We were coming from Montanita so we had to first get a bus to Guayaquil (flights to the Galapagos only go from either Guayaquil or Quito.) CLP located on Montanita’s main highway does direct buses to Guayaquil for $6pp (all the others you have to change at Santa Elena.)

We then stayed one night in Guayaquil and stocked up on things like suncream which we had been warned were very expensive in the Galapagos. We stayed at Dreamkapture Hostel which was perfect for us as it was conveniently located near to both the bus station and the airport (so we wouldn’t have to spend a fortune on taxis.)

The next day our flight was at 9:40am, and before leaving for the Galapagos you have to pay a fee of $20 each. It took roughly 2 hours in flight to reach Baltra Island. There’s nothing on this island except an airport, therefore after getting through passport control, paying the hefty entrance fee of $100, and again having our luggage searched (our luggage was checked about 5 times in total); we then had to get a bus for 10 minutes to get on a boat to do the short crossing to Santa Cruz Island (and I mean short – it was maybe 2 minutes but still somehow cost $1pp.)
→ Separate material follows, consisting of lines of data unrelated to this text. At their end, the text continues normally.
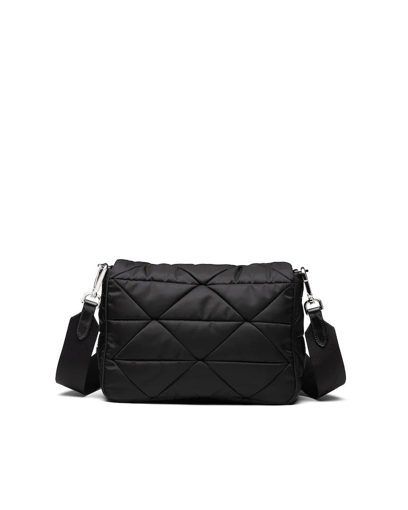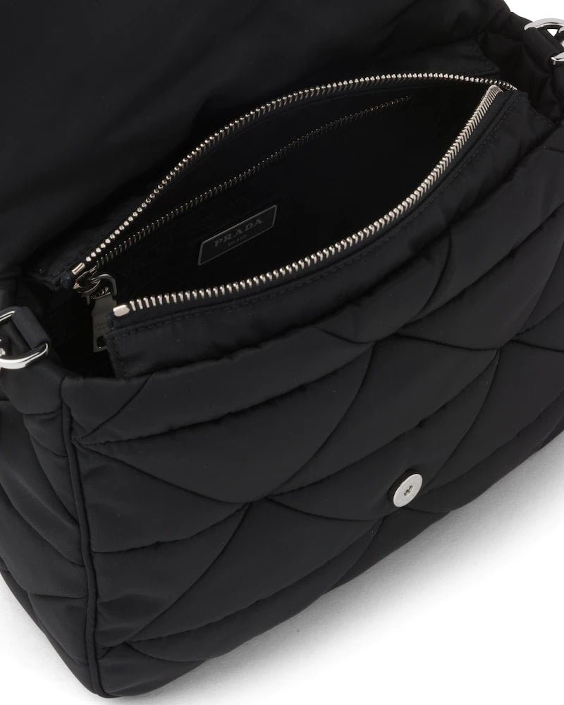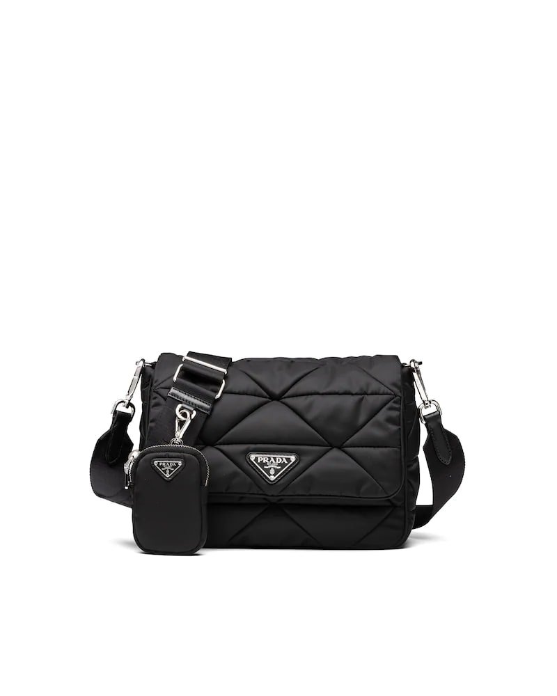 Prada’s iconic triangle logo is reinterpreted in this patchwork motif that accents this hobo bag with soft lines made of Re-Nylon, a regenerated yarn that represents the sustainable evolution of an industrial fabric made iconic by Prada in the eighties. Complete with a mini pouch to attach to the shoulder strap for a contemporary touch, the accessory is embellished on the front with the iconic enameled triangle logo.
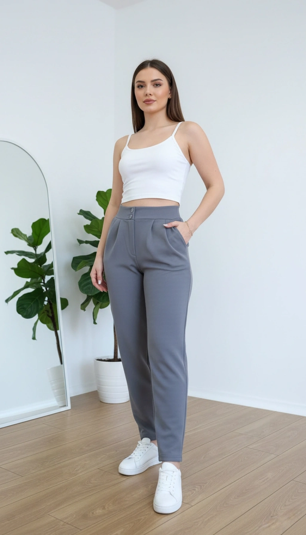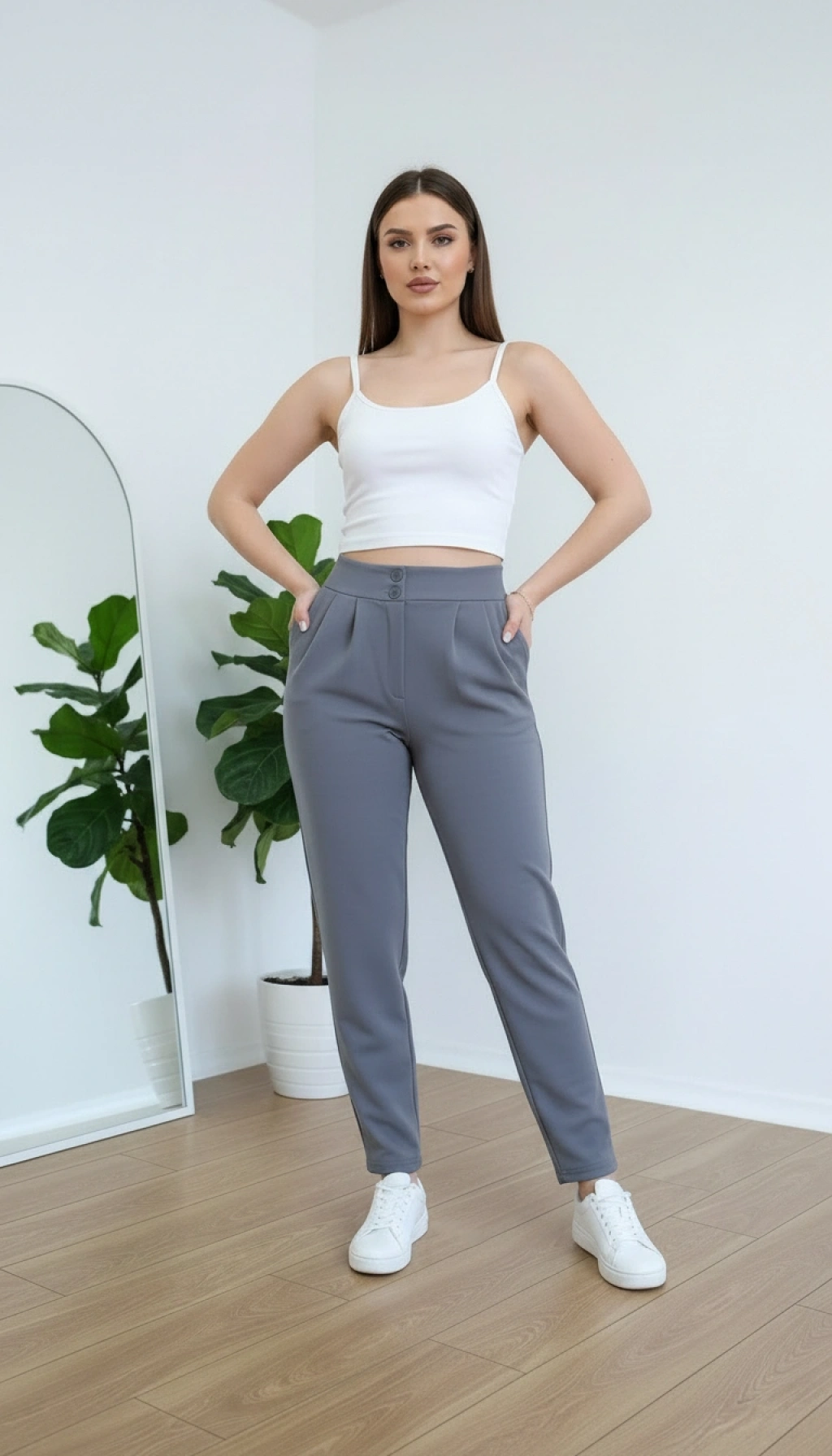 Şıklığı ve rahatlığı bir arada sunan Krep Kumaş Havuç Pantolon ile tarzınızı ön plana çıkarın. Yüksek bel tasarımı sayesinde belinizi sıkıca sararak vücudunuza uyum sağlar. Hafif ve esnek kumaşı ile gün boyu konfor sunar. Krep kumaşın benzersiz dokusu ile her mevsim tercih edebileceğiniz şık bir parça. Hem günlük hayatta hem de özel davetlerde şıklığınızı tamamlayacak Havuç Pantolon ile tarzınızı konuşturun.
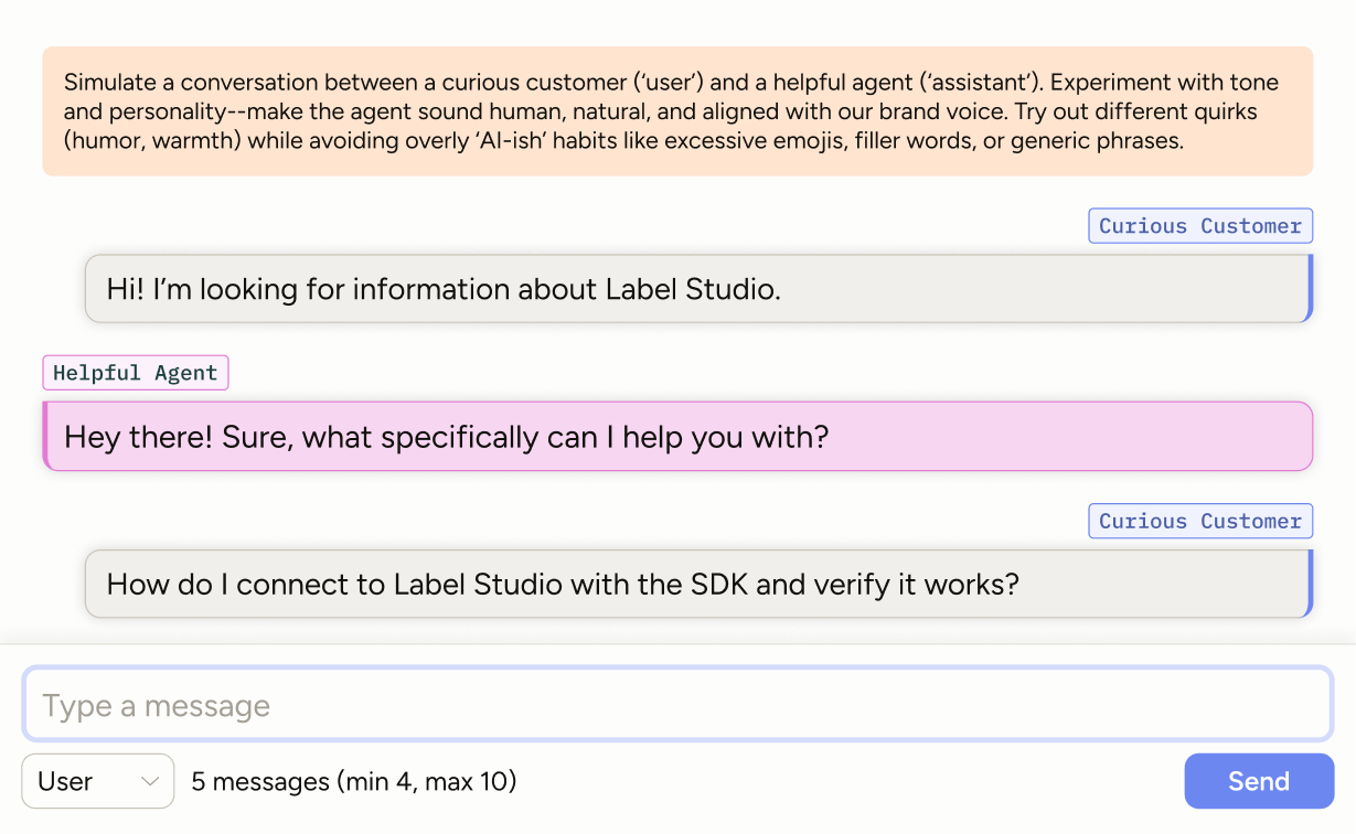 • messageroles: The annotator will see a drop-down menu with user and assistant roles that they can choose from when sending messages.

On the other side we were given the choice of a taxi for $30 or otherwise a bus for $2 pp (obviously we went for the bus option). The only downside of the bus was that we had to wait an hour for the bus to leave but it wasn’t too much of a hardship. We had some lunch whilst waiting and spotted some sharks swimming around near the cafe. Another 40 minutes later we reached Puerto Ayora and from there a taxi (in the Galapagos taxis are basically pick up trucks) for $2 took us to our hotel.

Accommodation:

Brisas del Pacifico Hotel. Located in the centre of the town it was pretty perfect and at $40 per night a lot cheaper than most other options on the island. The room was massive and could have fit 10 people quite comfortably.

Sights/activities:

Pelican Bay

Near to the harbour there are lots of fresh fish for sale and a lot of birds come along to see if they can get a few scraps too, there are mainly pelicans, but there are also frigates and we saw a heron there too on one occasion.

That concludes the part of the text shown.